The woman's shot went wide, the sonic blast pulverizing the wall where he'd been a moment before. Her eyes, for the first time, showed a flicker of something other than cold determination: shock.
He didn't stop. The shard was alight now, a roaring furnace in his mind. It was tired of running. It wanted a statement. *This is not prey. This is a predator.*
As the woman swung her pistol back toward him, Luka didn't draw his dagger. Instead, he slammed his palm flat against the conduit wall. The shard's energy flared through him, a bolt of ordered lightning seeking chaos. The wall wasn't a wall; it was a nest of old wiring and unstable power relays, all mapped in the shard's terrifying awareness.
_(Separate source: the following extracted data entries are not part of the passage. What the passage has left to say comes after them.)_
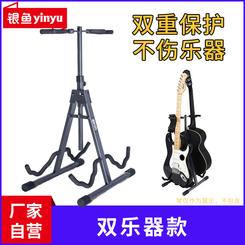 기타 스탠드 수직 스탠드 홈 더블 헤드 목재 전기 플레이스먼트 바닥 스탠딩 휴대용 접이식 기타 스탠드스토어 가기
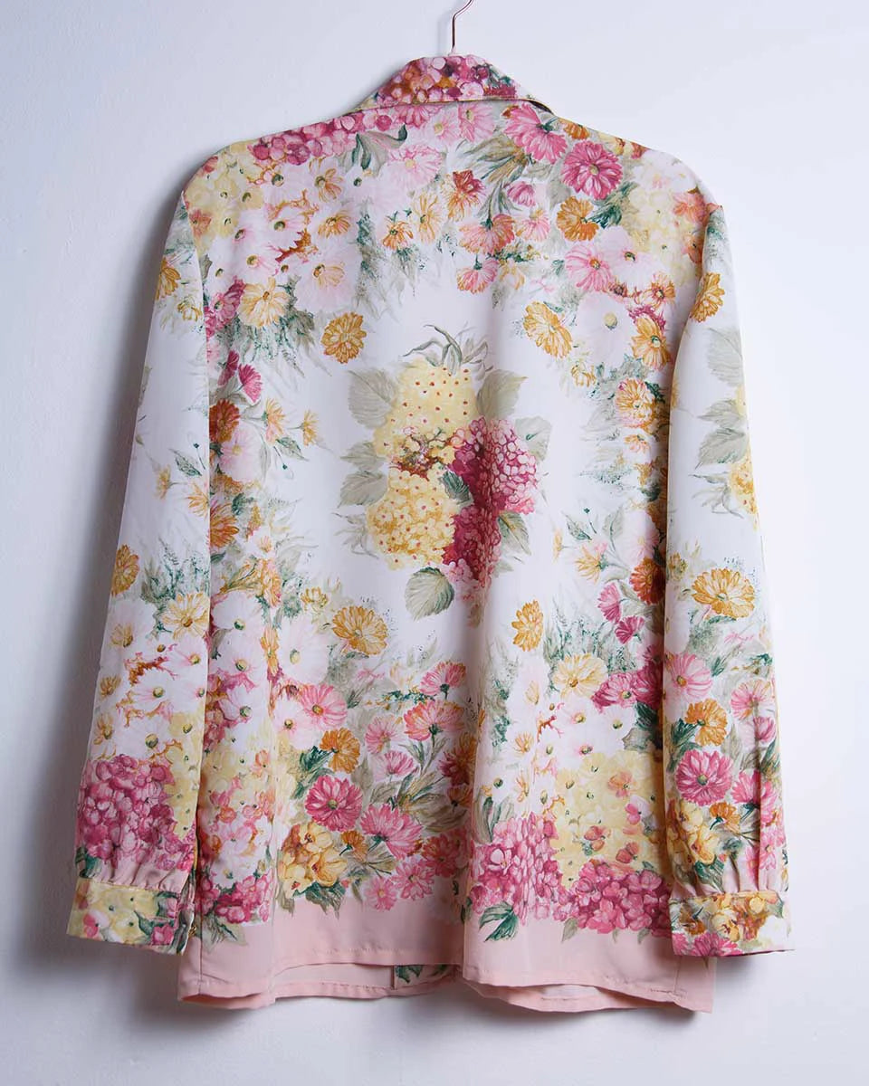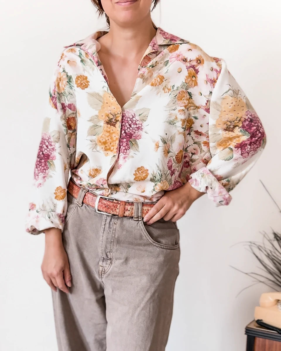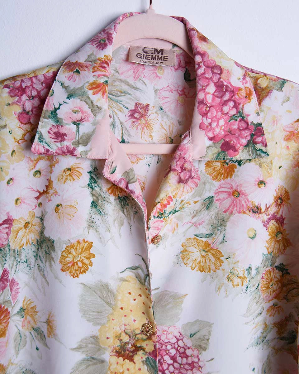 Un capo unico, leggero e perfetto per chi ama vestirsi bene... ma con leggerezza. La camicia vintage floreale anni '80 è un passepartout romantico, ironico e decisamente cool.
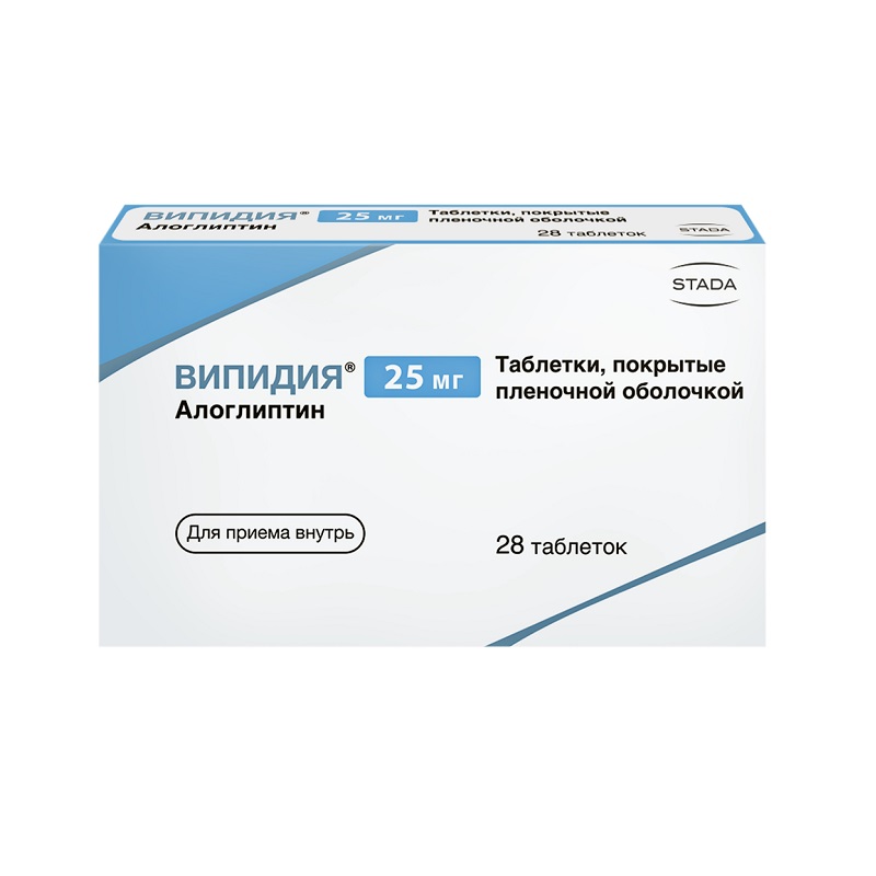 Рекомендуемая доза препарата Випидия® составляет 25 мг 1 раз/сут в качестве монотерапии или в дополнение к метформину, тиазолидиндиону, производным сульфонилмочевины или инсулину, или в качестве трехкомпонентной комбинации с метформином, тиазолидиндионом или инсулином.

The conduit exploded. Not with fire, but with a catastrophic discharge of raw voltage. Blue-white electricity arced across the shaft, earthing itself through the metal rungs and pipes. The woman cried out, her pistol flying from her spasming hand as the charge raced up the metal structure she stood on. She was thrown back from the opening, vanishing from view, the acrid smell of ozone and burned insulation filling the air.
Silence returned, broken only by the crackle of dying currents and Luka's ragged gasps. He lay on the ledge, spent. He had not just used the shard's knowledge; he had been a conduit for its raw power. His arm was numb, the skin of his palm red and blistered. The line between where he ended and the shard began had been irrevocably blurred.
The presence in his mind was quiet now, satisfied. The immediate threat was neutralized. It had defended its host. It had made its point.
He slowly, painfully, pulled himself up. He looked at his burned hand, then inward, at the cold, ancient thing nestled against his soul. He had wanted to escape the gritty violence of the Under-District. Now he was wielded by a violence that could warp reality itself.
He began to climb again, each movement a testament to this new, terrible partnership. The Aethelburg Archive was no longer just a job. It was a confession booth. He was going to have to learn who, and what, was now confessing.